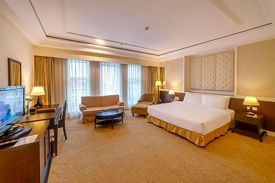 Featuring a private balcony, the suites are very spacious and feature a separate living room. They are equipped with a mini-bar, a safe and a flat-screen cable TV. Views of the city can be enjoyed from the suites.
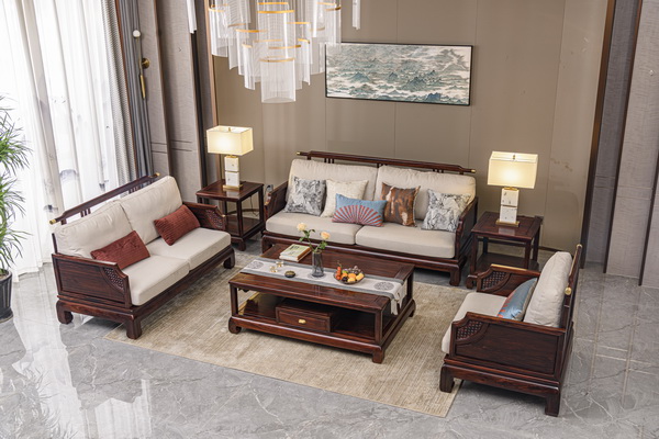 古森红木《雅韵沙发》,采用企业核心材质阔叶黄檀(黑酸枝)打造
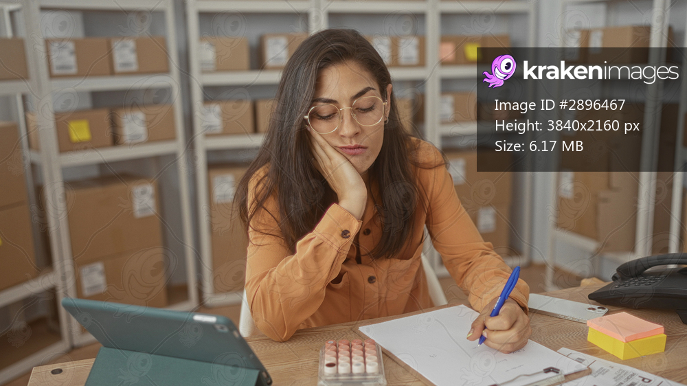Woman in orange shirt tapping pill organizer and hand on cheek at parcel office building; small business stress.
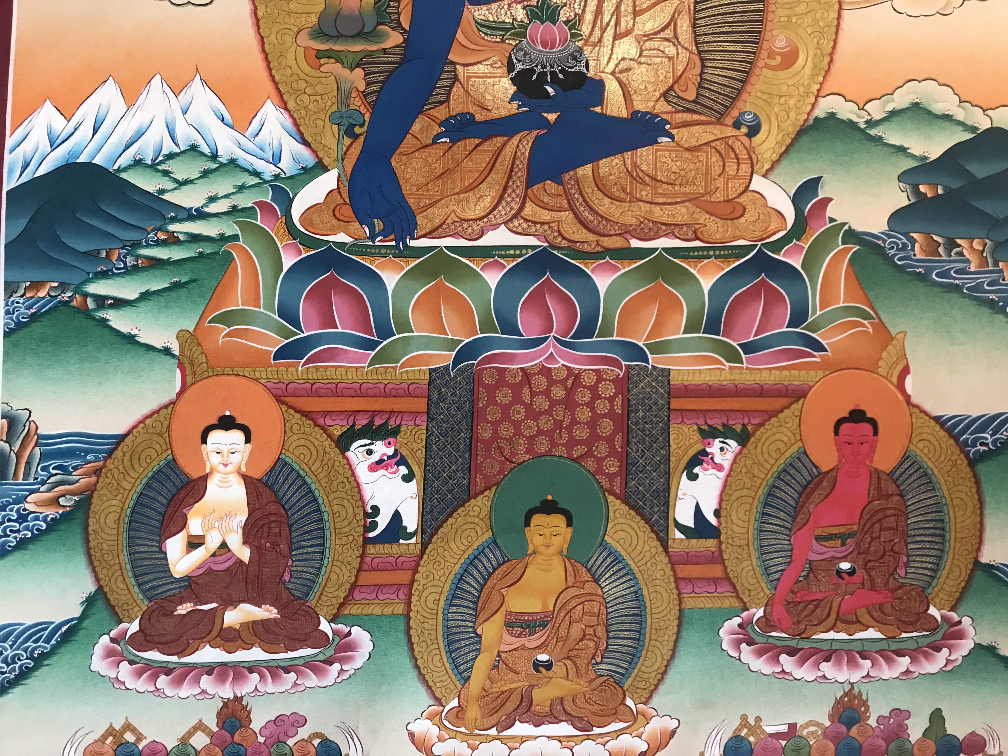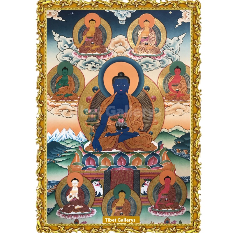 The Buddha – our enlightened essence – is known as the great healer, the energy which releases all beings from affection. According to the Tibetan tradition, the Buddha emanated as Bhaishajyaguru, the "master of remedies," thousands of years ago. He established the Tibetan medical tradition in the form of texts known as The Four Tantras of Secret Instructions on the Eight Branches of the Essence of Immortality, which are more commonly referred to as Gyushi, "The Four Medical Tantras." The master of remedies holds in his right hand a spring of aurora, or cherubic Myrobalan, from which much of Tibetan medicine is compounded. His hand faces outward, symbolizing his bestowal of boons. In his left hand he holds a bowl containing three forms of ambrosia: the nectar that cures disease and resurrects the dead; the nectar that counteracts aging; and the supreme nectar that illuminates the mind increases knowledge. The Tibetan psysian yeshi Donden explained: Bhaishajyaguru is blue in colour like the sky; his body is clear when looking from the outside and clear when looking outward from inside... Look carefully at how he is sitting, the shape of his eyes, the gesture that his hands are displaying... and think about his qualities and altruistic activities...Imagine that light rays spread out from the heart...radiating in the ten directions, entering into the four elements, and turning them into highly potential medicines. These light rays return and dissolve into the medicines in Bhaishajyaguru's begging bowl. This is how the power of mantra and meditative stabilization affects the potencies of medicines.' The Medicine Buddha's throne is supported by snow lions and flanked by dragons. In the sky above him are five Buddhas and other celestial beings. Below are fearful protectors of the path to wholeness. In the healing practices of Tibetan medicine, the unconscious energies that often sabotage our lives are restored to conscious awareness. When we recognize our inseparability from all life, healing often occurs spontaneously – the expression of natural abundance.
--
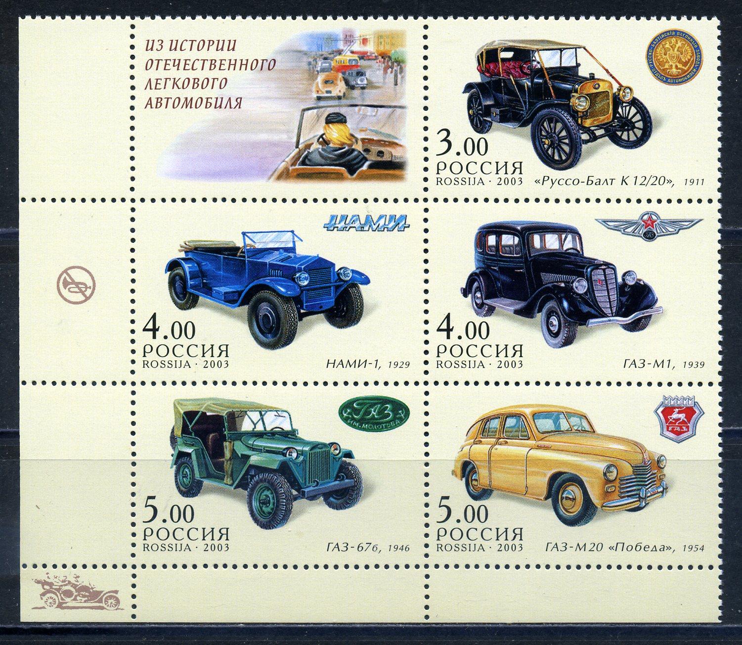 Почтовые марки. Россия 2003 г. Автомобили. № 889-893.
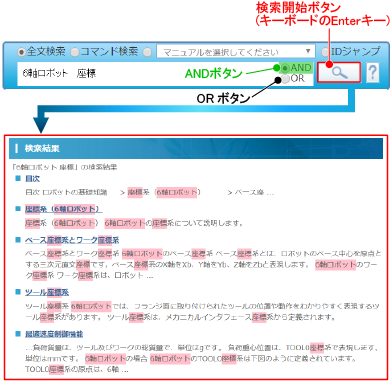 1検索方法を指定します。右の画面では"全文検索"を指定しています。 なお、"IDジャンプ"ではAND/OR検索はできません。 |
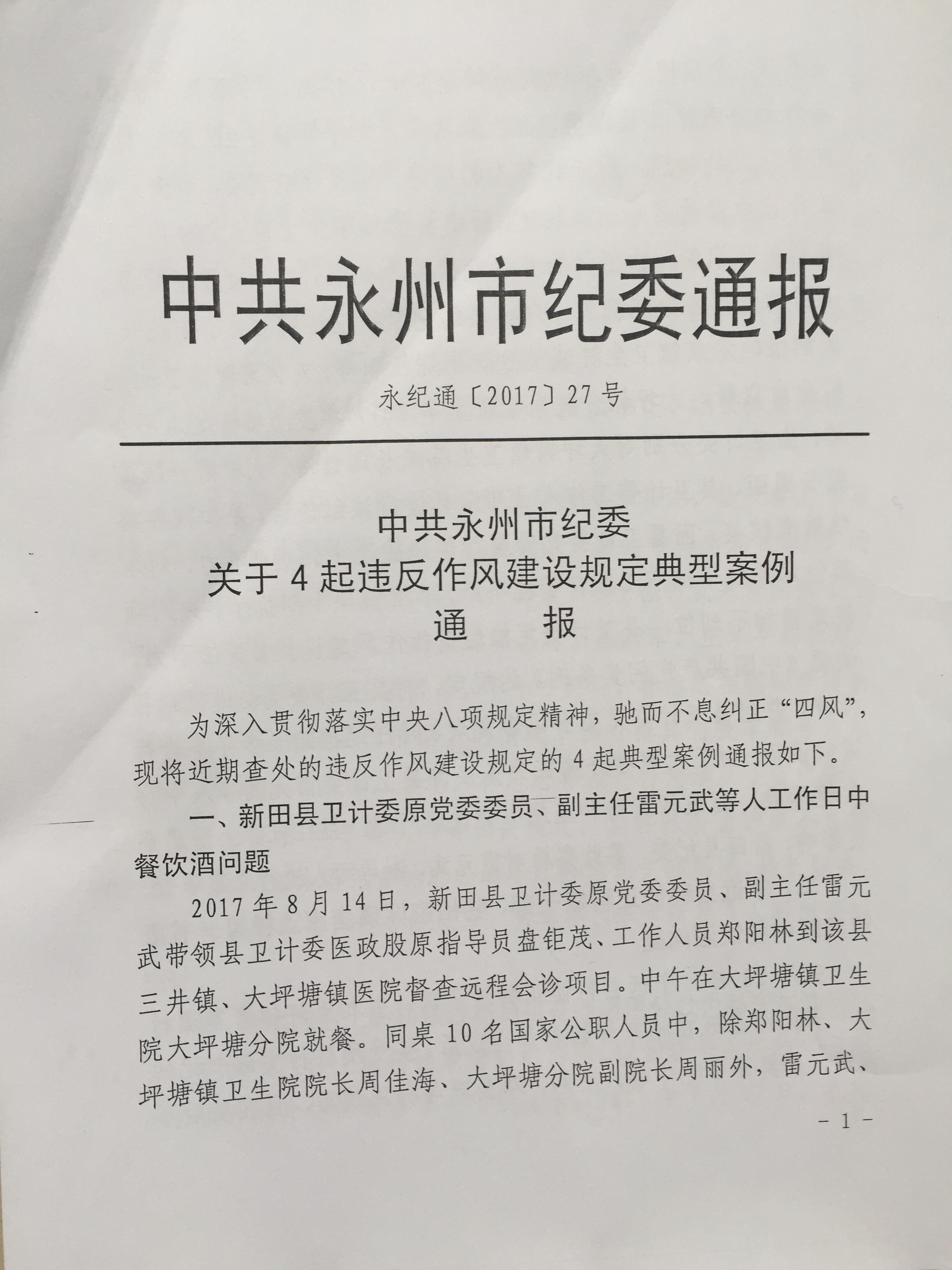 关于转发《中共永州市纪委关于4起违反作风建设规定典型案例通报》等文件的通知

How to complete this task
Output exactly those lines of the data above that run from the line with "Featuring a private" up to and including the line with "Woman in orange". No pictures go in.

Answer to this problem
 Featuring a private balcony, the suites are very spacious and feature a separate living room. They are equipped with a mini-bar, a safe and a flat-screen cable TV. Views of the city can be enjoyed from the suites.
 古森红木《雅韵沙发》,采用企业核心材质阔叶黄檀(黑酸枝)打造
Woman in orange shirt tapping pill organizer and hand on cheek at parcel office building; small business stress.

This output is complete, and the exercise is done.